Car oui, objectivement, dans Pompéi, rien ne va. La mise en scène est vilaine et complètement prévisible, même si elle compte au rang de ses rares bonnes idées de représenter les spectacles de gladiateurs non pas comme de simples tueries, mais comme de véritables shows scénarisés. La reconstitution se limite à quelques panoramas et une arène en CGI, une place de la cité en carton pâte et la villa de Cassia, qui a d'ailleurs le bon goût d'être la seule pile au pied du Vésuve (ah! ah! ah!). Les costumes ne sont pas en restes et donnent dans l'exhibition saugrenue des attributs de Kit Harrington et d'Emily Browning, avec notamment un trikini doré pas piqué des vers qui rappellera les plus libidineux au lointain souvenir de la princesse Leia. Enfin, les effets spéciaux sont indigents et la 3D complètement inutile, le tout combiné donnant l'impression par instant de regarder une pub Abercrombie & Fitch insérée sur les panoramas de Myst.

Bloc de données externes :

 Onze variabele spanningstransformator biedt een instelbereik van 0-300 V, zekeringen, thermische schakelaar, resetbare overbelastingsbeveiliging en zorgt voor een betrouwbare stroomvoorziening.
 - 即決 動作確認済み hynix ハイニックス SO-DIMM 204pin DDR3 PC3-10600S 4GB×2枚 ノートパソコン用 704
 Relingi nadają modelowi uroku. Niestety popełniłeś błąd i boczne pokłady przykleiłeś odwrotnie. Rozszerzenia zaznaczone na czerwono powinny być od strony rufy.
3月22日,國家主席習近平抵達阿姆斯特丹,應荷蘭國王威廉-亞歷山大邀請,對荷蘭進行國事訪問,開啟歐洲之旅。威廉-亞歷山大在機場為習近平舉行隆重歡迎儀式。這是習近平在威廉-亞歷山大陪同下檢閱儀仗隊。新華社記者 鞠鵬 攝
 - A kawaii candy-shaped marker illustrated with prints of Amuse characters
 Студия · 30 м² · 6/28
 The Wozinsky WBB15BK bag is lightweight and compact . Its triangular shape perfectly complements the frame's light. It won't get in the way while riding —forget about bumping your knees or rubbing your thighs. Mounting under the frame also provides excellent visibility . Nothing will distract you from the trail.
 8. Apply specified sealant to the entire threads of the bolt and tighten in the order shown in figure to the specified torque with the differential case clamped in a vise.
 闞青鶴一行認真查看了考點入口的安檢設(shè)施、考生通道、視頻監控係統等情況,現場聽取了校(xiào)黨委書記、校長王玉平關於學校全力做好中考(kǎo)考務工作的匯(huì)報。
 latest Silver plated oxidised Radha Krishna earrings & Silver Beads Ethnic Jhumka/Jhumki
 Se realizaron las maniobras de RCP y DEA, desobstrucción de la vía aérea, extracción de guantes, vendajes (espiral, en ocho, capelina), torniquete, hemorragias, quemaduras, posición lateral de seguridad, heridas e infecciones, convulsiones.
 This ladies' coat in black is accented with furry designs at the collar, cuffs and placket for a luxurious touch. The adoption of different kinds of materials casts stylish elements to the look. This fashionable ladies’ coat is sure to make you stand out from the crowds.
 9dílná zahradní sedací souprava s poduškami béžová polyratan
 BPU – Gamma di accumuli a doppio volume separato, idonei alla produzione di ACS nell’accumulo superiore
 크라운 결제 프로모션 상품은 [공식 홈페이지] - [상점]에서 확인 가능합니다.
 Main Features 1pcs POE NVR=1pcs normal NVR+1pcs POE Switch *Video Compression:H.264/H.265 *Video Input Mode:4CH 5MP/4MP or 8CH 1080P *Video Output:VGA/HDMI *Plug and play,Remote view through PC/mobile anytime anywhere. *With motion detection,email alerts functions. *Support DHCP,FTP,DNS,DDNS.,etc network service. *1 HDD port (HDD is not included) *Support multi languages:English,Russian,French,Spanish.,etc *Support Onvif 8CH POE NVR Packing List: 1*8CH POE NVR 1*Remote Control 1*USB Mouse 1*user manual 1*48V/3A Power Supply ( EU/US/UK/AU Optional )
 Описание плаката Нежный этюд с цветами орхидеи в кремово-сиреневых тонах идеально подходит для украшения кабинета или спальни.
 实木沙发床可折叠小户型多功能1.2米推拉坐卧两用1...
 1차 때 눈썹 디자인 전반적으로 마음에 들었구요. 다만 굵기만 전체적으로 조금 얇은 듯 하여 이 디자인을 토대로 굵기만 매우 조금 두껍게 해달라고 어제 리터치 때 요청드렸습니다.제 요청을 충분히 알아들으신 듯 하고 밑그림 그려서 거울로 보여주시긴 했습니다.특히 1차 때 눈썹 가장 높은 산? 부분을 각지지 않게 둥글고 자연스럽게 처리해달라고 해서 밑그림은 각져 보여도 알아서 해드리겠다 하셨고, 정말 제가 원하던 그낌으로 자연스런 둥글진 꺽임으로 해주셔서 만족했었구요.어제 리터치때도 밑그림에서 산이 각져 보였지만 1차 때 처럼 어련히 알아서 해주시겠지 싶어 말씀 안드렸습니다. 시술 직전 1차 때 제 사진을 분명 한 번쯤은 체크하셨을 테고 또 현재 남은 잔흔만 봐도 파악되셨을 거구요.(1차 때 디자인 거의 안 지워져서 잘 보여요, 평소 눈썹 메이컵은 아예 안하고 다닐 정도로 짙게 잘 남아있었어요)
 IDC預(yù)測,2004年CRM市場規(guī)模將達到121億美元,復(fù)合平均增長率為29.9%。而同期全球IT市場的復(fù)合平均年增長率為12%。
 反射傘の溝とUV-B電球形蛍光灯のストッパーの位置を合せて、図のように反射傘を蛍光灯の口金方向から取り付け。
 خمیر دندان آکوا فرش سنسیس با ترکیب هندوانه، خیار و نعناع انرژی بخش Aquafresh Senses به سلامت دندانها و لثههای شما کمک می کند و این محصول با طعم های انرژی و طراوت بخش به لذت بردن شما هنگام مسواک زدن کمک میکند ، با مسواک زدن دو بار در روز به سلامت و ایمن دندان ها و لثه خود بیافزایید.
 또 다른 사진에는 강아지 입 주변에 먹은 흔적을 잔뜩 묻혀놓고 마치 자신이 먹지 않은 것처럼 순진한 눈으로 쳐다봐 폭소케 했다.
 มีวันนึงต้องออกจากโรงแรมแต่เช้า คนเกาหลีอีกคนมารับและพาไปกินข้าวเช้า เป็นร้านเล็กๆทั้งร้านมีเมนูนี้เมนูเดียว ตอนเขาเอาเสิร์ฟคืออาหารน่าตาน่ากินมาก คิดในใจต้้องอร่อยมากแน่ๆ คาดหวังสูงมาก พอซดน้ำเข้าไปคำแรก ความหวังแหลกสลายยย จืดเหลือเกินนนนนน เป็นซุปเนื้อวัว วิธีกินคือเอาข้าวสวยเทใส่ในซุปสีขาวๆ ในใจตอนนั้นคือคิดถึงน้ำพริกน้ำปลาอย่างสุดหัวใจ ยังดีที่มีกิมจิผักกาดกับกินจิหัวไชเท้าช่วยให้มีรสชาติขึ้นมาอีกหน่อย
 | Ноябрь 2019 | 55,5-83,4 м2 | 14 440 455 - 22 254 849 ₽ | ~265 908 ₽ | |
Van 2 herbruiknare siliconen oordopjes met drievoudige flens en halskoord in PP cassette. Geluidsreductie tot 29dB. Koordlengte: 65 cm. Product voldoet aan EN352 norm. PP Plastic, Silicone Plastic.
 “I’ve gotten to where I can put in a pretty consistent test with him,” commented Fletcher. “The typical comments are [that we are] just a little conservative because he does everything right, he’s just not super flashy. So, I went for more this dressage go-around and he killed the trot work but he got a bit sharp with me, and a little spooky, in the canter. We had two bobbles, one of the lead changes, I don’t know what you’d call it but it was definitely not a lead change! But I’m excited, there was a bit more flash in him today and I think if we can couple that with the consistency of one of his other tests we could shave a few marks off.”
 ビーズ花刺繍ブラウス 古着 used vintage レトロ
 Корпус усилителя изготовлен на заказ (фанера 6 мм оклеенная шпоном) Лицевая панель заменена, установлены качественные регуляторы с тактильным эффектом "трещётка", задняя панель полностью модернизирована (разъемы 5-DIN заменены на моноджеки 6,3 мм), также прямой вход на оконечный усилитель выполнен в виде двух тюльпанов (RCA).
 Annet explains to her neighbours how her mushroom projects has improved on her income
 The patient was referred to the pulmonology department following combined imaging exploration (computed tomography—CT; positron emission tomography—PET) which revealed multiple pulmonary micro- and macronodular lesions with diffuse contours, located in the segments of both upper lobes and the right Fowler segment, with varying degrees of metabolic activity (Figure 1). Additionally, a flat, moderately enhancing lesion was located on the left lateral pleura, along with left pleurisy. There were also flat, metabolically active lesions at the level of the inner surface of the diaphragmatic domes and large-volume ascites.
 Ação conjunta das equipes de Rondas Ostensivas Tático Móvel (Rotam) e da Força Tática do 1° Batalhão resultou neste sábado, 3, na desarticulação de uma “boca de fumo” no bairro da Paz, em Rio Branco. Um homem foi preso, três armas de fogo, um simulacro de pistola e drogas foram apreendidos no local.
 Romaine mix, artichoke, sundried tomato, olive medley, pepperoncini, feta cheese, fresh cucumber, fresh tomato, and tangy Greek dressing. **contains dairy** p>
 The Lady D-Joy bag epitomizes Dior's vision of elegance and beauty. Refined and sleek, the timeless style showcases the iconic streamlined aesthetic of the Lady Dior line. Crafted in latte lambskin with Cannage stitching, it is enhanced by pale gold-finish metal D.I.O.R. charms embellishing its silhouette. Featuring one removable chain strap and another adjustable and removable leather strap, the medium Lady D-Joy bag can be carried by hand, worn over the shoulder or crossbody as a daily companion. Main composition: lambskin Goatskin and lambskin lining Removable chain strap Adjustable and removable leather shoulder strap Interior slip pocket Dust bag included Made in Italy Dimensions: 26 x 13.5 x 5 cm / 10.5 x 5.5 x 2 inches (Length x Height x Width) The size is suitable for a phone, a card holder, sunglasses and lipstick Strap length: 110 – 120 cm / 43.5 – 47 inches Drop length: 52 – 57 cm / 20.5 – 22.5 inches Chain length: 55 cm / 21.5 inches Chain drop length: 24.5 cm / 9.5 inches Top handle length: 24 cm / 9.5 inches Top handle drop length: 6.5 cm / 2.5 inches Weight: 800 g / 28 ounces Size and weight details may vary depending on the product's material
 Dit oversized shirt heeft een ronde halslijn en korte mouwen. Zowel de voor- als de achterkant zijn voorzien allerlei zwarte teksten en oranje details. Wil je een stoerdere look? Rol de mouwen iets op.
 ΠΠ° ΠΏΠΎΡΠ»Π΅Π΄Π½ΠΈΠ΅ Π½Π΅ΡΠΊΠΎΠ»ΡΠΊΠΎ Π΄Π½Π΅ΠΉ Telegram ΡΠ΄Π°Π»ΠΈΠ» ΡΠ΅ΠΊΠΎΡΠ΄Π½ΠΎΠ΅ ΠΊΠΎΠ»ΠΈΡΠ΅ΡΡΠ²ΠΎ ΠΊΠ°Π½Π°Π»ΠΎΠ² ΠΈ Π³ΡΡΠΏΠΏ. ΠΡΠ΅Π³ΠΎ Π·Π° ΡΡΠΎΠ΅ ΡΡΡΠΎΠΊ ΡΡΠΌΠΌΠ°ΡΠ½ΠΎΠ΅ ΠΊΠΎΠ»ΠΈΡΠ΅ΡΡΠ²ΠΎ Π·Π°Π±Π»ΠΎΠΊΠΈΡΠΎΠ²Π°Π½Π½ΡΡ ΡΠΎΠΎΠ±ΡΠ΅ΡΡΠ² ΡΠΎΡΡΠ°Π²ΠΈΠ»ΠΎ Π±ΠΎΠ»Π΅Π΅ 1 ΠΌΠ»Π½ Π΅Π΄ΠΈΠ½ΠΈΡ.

Mais en dépit de toutes ces maladresses, parce qu'il embrasse sa nature de série Z sans trop tomber dans la posture mercantile de, à tout hasard, La Colère des Titans (lolmdr) ou Battleship, Pompéi arrive parfaitement à provoquer l'euphorie attendue face à un divertissement de cette ampleur. Plus fun qu'American Bluff, quand même, plus romantique que la Belle et la Bête, ce qui est le comble de l'année, et mieux mis en scène que The Ryan Initiative (ahah ok ça c'était joker, difficile de faire pire), Pompéi est une cristallisation de cinéma pop-corn et ouvertement imbécile qu'on osait plus espérer à si grande échelle depuis l'élévation du blockbuster au rang d'objet de culte. Un petit obus de fun décomplexé qui espérons-le, atteindra la TNT en vitesse pour prendre la place de la 165ème rediffusion de Glee. Parce que quitte à laisser notre cerveau couler par nos oreilles maltraitées, autant y prendre un minimum de plaisir.
PS. Oui, il y a bien eu un Tsunami lors de l'éruption du Vésuve, dans la baie de Naples. J'ai personnellement décidé de faire comme si j'étais déjà parfaitement au courant, parce qu'admettre qu'un film de Paul W.S. Anderson ait pu m'apprendre quelque chose, c'est au-delà de mes forces.